» EXERCISE GOAL
Extract the text of each entry below exactly, leaving every image behind.

*** INPUT FOR THIS TASK ***

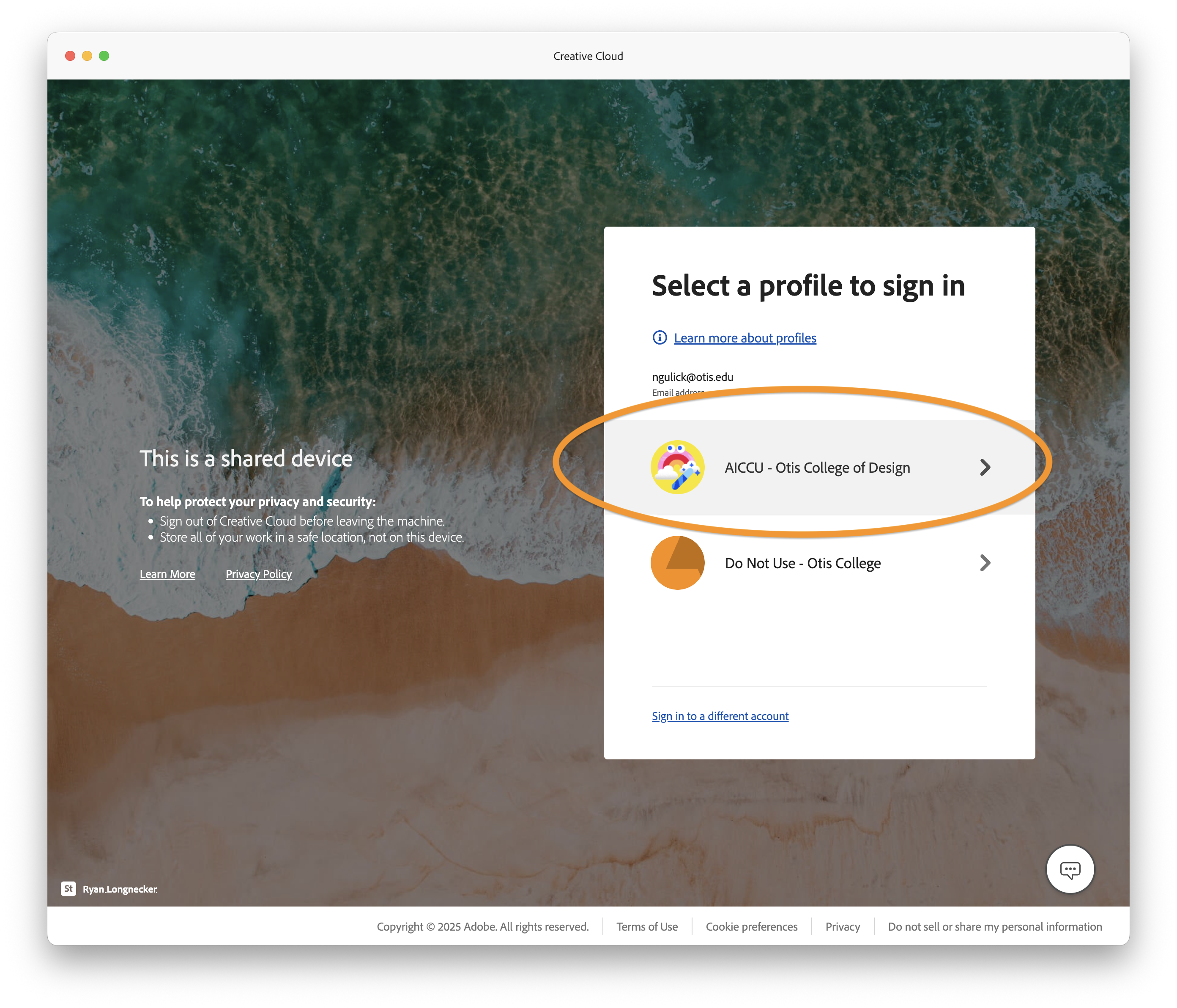 4. At the "Select a profile to log in" screen, "choose AICCU - Otis College of Design."
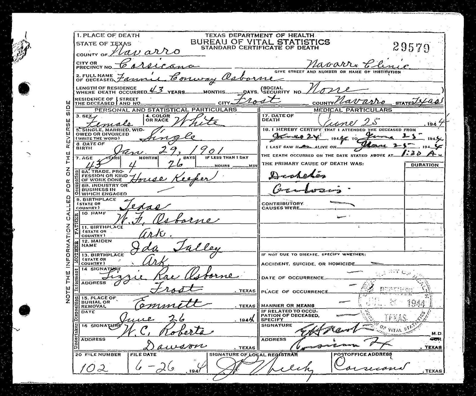 s/o William Franklin Osborne & Ida Talula (Talley) Osborne d. in Navarro Co. TX |
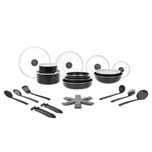 QDESIGN DIAMOND Batterie de cuisine 10 pcs - casseroles+poêles+couvercles+poignée amovible| Alu antiadhésif renforcé diamants- tous feux, induction - Compatible lave-vaiselle- Noir diamant, Empilables
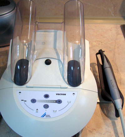 При лечение със системата "Вектор" същността на процедурата е следната: съчетават се ултразвукови трептения на накрайника с впръскване на абразивен прах в пародонталния джоб. При това се почиства и кореновата повърхност, и мекотъканната стена на джоба. При всеки увреден пародонт по кореновата повърхност има некротичен зъбен цимент, подвенечен зъбен камък, плака и най-вече множество микроорганизми. Всичко това се почиства отначало с ултразвук, който премахва големите натрупвания. След това, на следващо клинично посещение, се обработва допълнително с "Вектор" и кореновата повърхност се заглажда на микрониво. Съществено е предимството на апарата в друг аспект: с него се заглажда не само кореновата, но и мекотъканната повърхност на джоба. Това не е възможно да се постигне с нито един друг апарат до момента; възможно е меките тъкани да се почистят чрез ръчен кюретаж, но чрез "Вектор" почистването е много по-бързо и качествено. Отстраняват се възпалителните гранулации (съединителна тъкан, инфилтрирана с клетки на имунната система и голямо количество микроорганизми) и се получава повърхност от здрава тъкан, която прилепва към зъба и сраства с кореновата повърхност. Повече по въпроса...
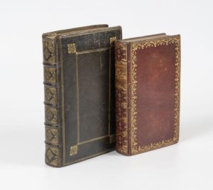 OFFICE (L') de la sainte vierge En latin et en françois. Paris, Josset, 1684, in-8, plein mar. noir, triple filets encadr. les plats, décor à la Du Seuil, dos à nerfs richement orné, tr. dor. Avec 4 planches. CLEMENT (l'abbé). Entretiens avec l'âme de dieu. Vienne, Trattner, 1763, in-8, mar. rouge, encadr. dor. sur les plats, dos lisse, orné, tr. dor. Ens. de 2 vol.
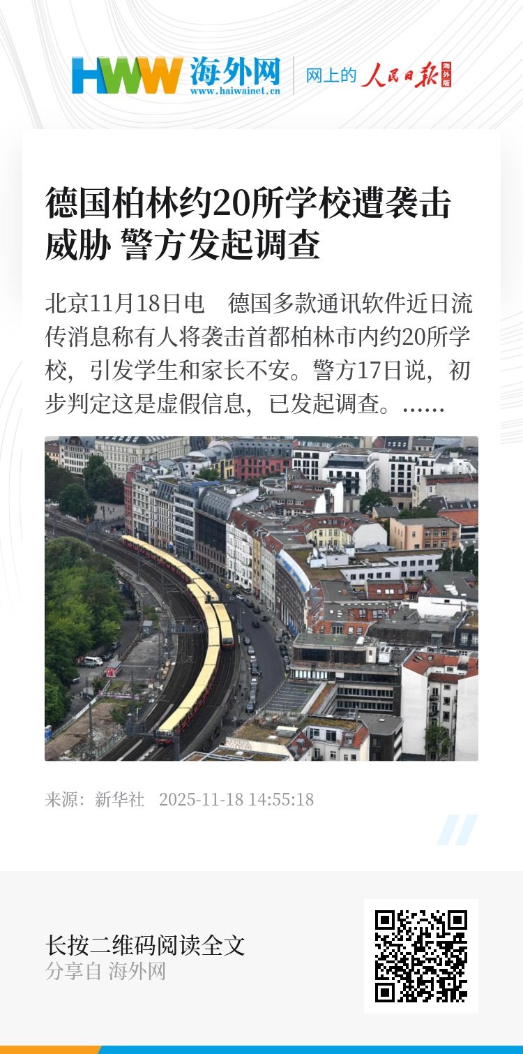 新华社北京11月18日电 德国多款通讯软件近日流传消息称有人将袭击首都柏林市内约20所学校,引发学生和家长不安。警方17日说,初步判定这是虚假信息,已发起调查。
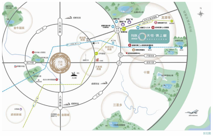 生态:约3700亩北湖公园,成都最大生态绿肺;北湖生态公园,距项目直线距离约1公里,主城稀缺生态湖区
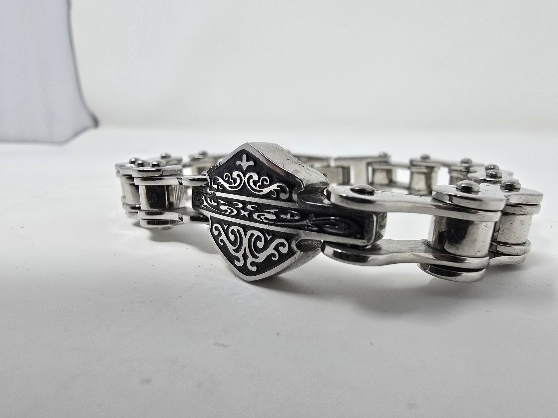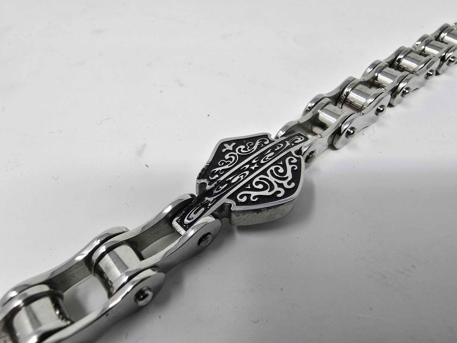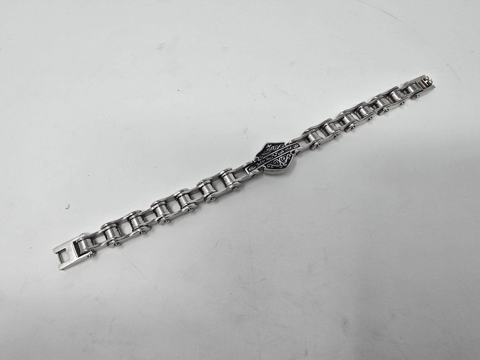 Discount Biker Supply Women's Bar & Shield - Bike Chain Bracelet. This meticulously handcrafted piece is designed to elevate your style, adding a touch of opulence to your look. The bracelet Comes packaged in a sophisticated Discount Biker Supply velvet bag.

*** End of INPUT FOR THIS TASK ***

» SOLUTION FOR THIS EXERCISE
 4. At the "Select a profile to log in" screen, "choose AICCU - Otis College of Design."
 s/o William Franklin Osborne & Ida Talula (Talley) Osborne d. in Navarro Co. TX |
 QDESIGN DIAMOND Batterie de cuisine 10 pcs - casseroles+poêles+couvercles+poignée amovible| Alu antiadhésif renforcé diamants- tous feux, induction - Compatible lave-vaiselle- Noir diamant, Empilables
 При лечение със системата "Вектор" същността на процедурата е следната: съчетават се ултразвукови трептения на накрайника с впръскване на абразивен прах в пародонталния джоб. При това се почиства и кореновата повърхност, и мекотъканната стена на джоба. При всеки увреден пародонт по кореновата повърхност има некротичен зъбен цимент, подвенечен зъбен камък, плака и най-вече множество микроорганизми. Всичко това се почиства отначало с ултразвук, който премахва големите натрупвания. След това, на следващо клинично посещение, се обработва допълнително с "Вектор" и кореновата повърхност се заглажда на микрониво. Съществено е предимството на апарата в друг аспект: с него се заглажда не само кореновата, но и мекотъканната повърхност на джоба. Това не е възможно да се постигне с нито един друг апарат до момента; възможно е меките тъкани да се почистят чрез ръчен кюретаж, но чрез "Вектор" почистването е много по-бързо и качествено. Отстраняват се възпалителните гранулации (съединителна тъкан, инфилтрирана с клетки на имунната система и голямо количество микроорганизми) и се получава повърхност от здрава тъкан, която прилепва към зъба и сраства с кореновата повърхност. Повече по въпроса...
 OFFICE (L') de la sainte vierge En latin et en françois. Paris, Josset, 1684, in-8, plein mar. noir, triple filets encadr. les plats, décor à la Du Seuil, dos à nerfs richement orné, tr. dor. Avec 4 planches. CLEMENT (l'abbé). Entretiens avec l'âme de dieu. Vienne, Trattner, 1763, in-8, mar. rouge, encadr. dor. sur les plats, dos lisse, orné, tr. dor. Ens. de 2 vol.
 新华社北京11月18日电 德国多款通讯软件近日流传消息称有人将袭击首都柏林市内约20所学校,引发学生和家长不安。警方17日说,初步判定这是虚假信息,已发起调查。
 生态:约3700亩北湖公园,成都最大生态绿肺;北湖生态公园,距项目直线距离约1公里,主城稀缺生态湖区
 Discount Biker Supply Women's Bar & Shield - Bike Chain Bracelet. This meticulously handcrafted piece is designed to elevate your style, adding a touch of opulence to your look. The bracelet Comes packaged in a sophisticated Discount Biker Supply velvet bag.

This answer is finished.